About this exercise: Copy nothing but the lines below, from the one with "綠聯(lián) DP102 DP高清線1.2版" through the one with "Слайд 4Чтобы развивать", exactly as written; no pictures should appear.

Given records START

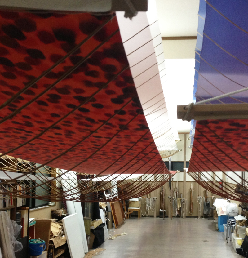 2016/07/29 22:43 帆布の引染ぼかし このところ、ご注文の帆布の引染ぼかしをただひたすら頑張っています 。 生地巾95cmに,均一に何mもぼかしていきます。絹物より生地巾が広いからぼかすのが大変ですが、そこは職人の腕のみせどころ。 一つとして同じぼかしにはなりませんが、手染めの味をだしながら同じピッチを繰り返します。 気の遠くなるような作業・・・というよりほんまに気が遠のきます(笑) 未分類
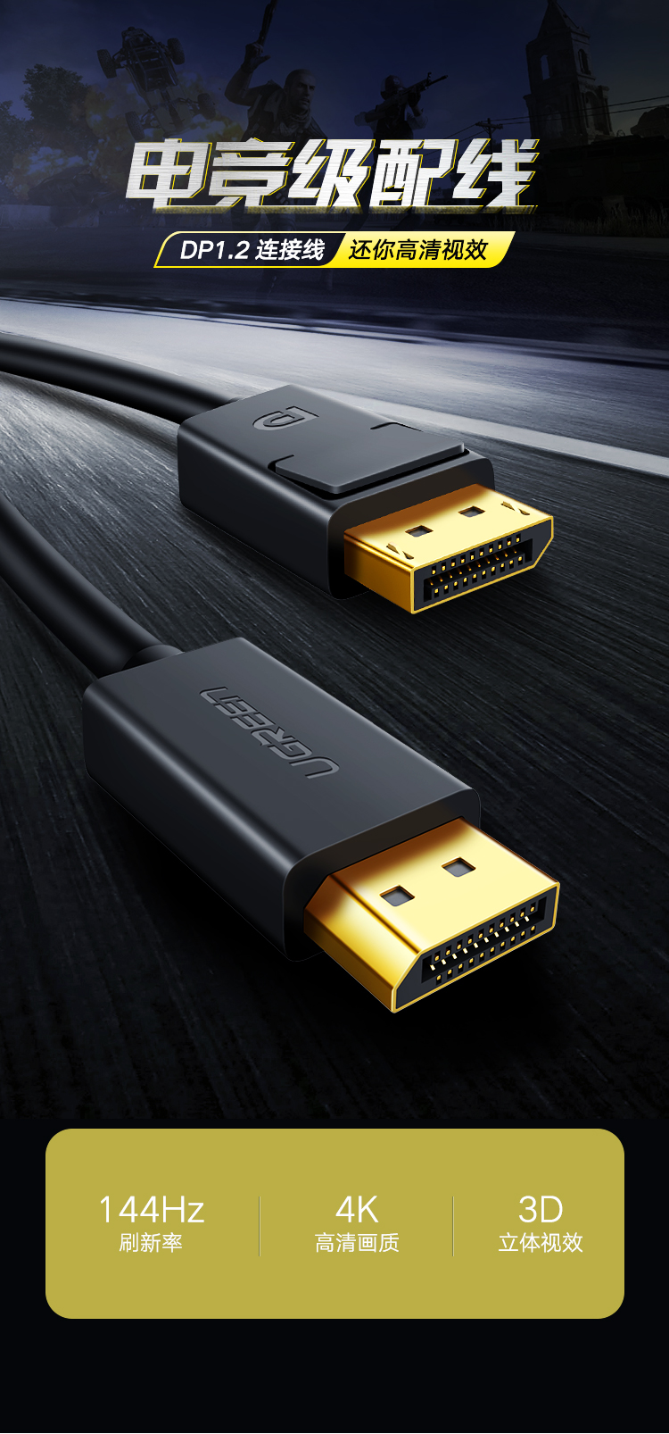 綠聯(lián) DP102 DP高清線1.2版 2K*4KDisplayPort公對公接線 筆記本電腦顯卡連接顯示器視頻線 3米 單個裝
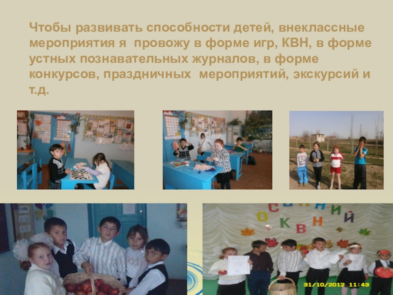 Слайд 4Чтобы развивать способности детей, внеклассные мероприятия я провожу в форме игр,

Given records END
Given records START

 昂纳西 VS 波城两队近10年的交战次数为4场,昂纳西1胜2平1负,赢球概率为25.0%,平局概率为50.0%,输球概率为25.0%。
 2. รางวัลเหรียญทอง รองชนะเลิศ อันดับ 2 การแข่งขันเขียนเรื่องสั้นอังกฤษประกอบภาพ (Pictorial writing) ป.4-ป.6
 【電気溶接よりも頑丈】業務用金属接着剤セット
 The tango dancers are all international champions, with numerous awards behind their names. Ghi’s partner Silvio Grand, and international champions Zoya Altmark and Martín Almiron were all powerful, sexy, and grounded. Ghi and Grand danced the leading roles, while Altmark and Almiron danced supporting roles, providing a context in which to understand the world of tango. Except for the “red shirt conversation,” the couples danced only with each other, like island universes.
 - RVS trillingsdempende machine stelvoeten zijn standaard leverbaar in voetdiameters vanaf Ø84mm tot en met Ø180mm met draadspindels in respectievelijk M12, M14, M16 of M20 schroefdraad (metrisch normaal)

Given records END
Given records START

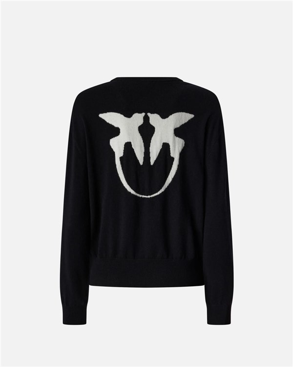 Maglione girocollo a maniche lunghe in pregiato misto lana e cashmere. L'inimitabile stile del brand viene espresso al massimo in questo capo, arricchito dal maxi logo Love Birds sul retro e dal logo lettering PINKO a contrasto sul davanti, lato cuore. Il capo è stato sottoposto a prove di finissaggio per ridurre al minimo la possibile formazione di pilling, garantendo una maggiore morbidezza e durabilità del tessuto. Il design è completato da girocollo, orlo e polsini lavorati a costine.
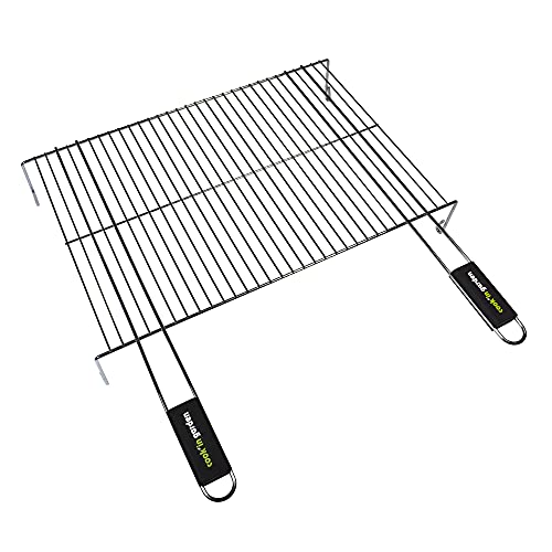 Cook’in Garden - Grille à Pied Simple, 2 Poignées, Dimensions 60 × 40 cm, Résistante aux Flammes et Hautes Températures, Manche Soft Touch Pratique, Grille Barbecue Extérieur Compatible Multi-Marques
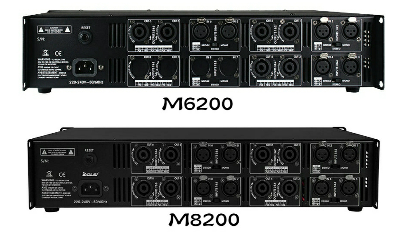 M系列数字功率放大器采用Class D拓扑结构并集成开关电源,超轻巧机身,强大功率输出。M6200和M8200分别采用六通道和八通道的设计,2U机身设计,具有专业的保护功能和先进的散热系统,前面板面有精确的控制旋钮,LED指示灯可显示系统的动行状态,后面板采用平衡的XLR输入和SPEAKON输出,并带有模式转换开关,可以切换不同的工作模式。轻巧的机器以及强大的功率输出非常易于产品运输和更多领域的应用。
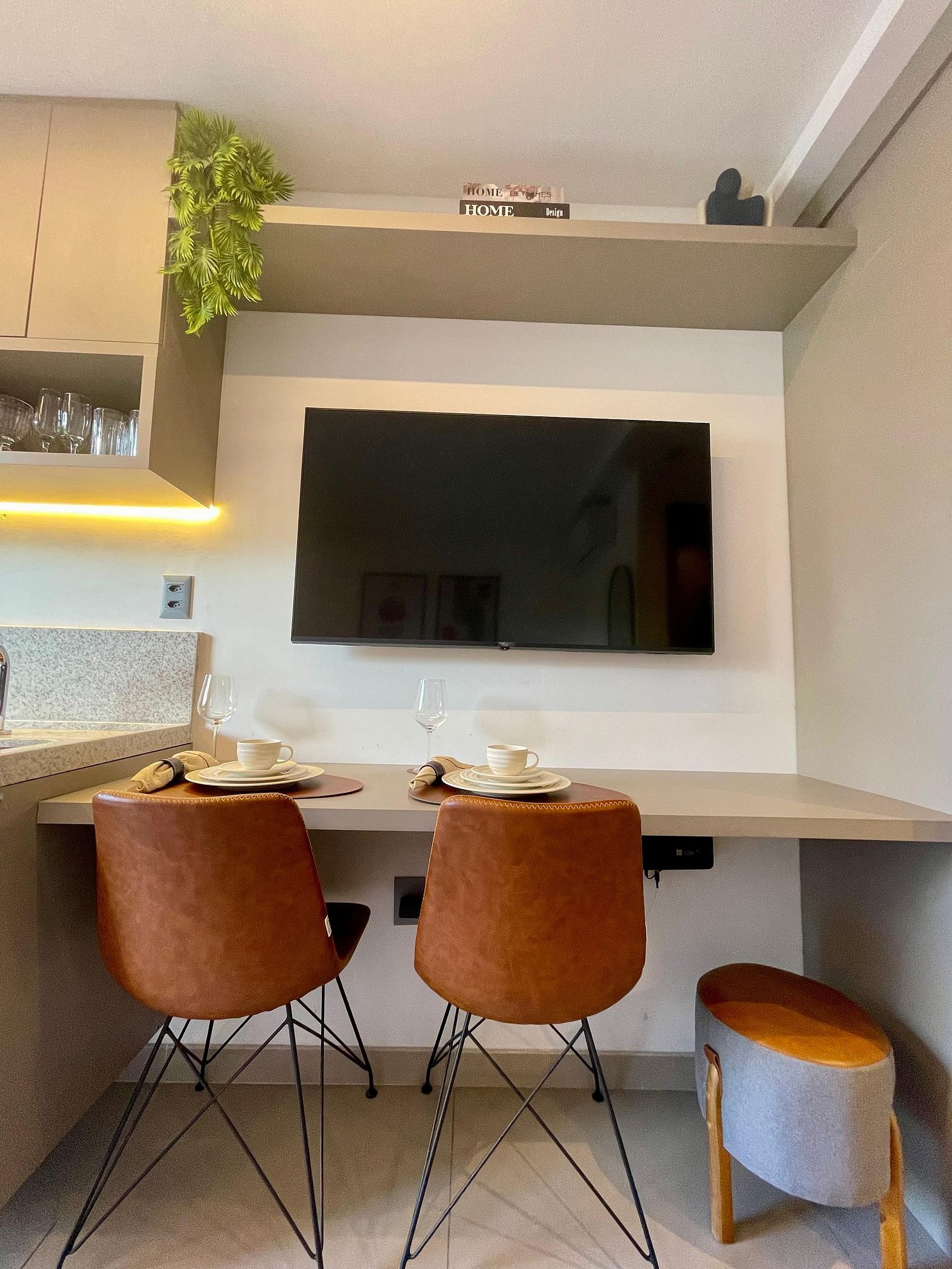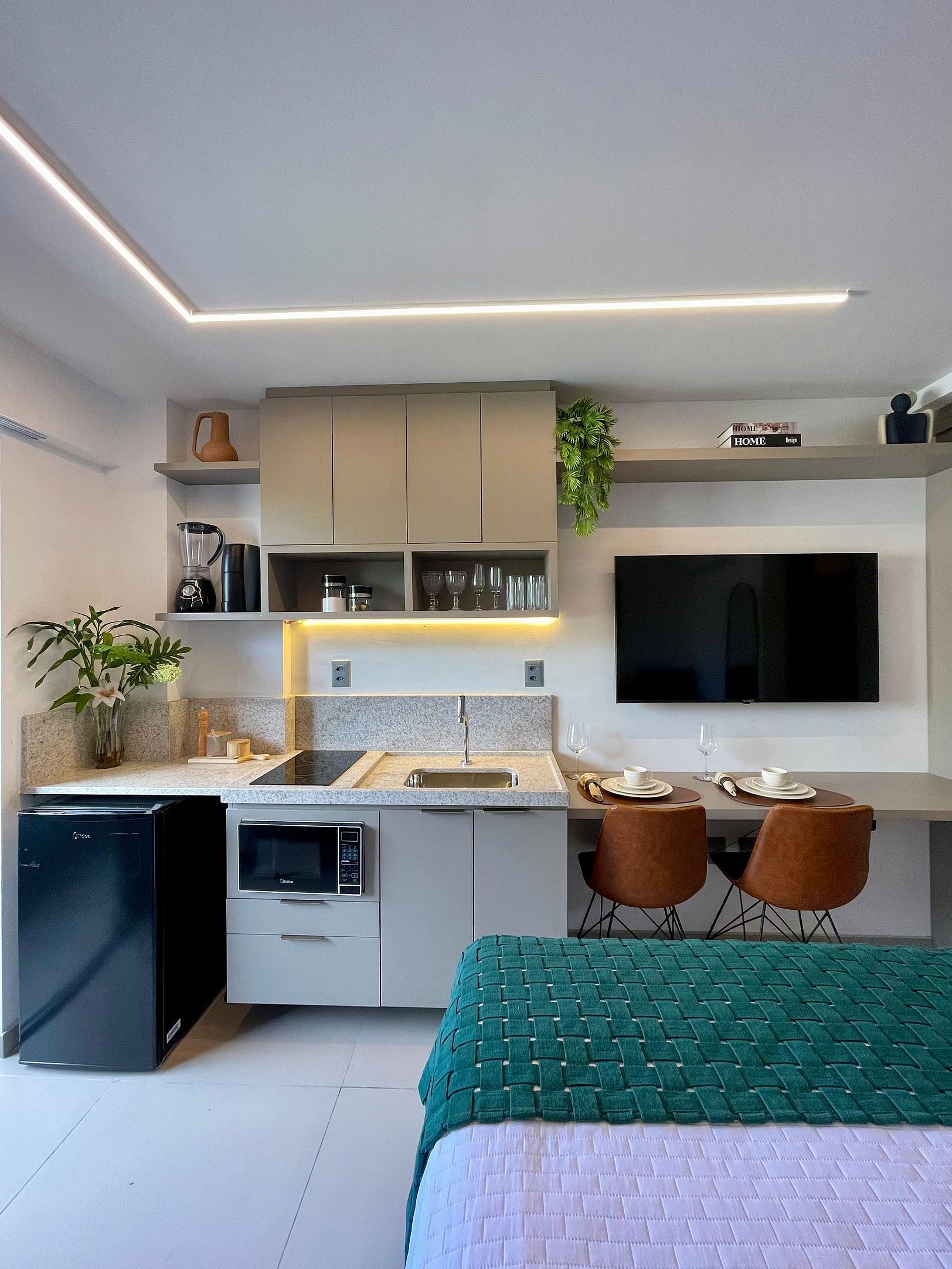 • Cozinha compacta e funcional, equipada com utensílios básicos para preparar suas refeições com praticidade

Given records END

Reply to the task:
 綠聯(lián) DP102 DP高清線1.2版 2K*4KDisplayPort公對公接線 筆記本電腦顯卡連接顯示器視頻線 3米 單個裝
 Слайд 4Чтобы развивать способности детей, внеклассные мероприятия я провожу в форме игр,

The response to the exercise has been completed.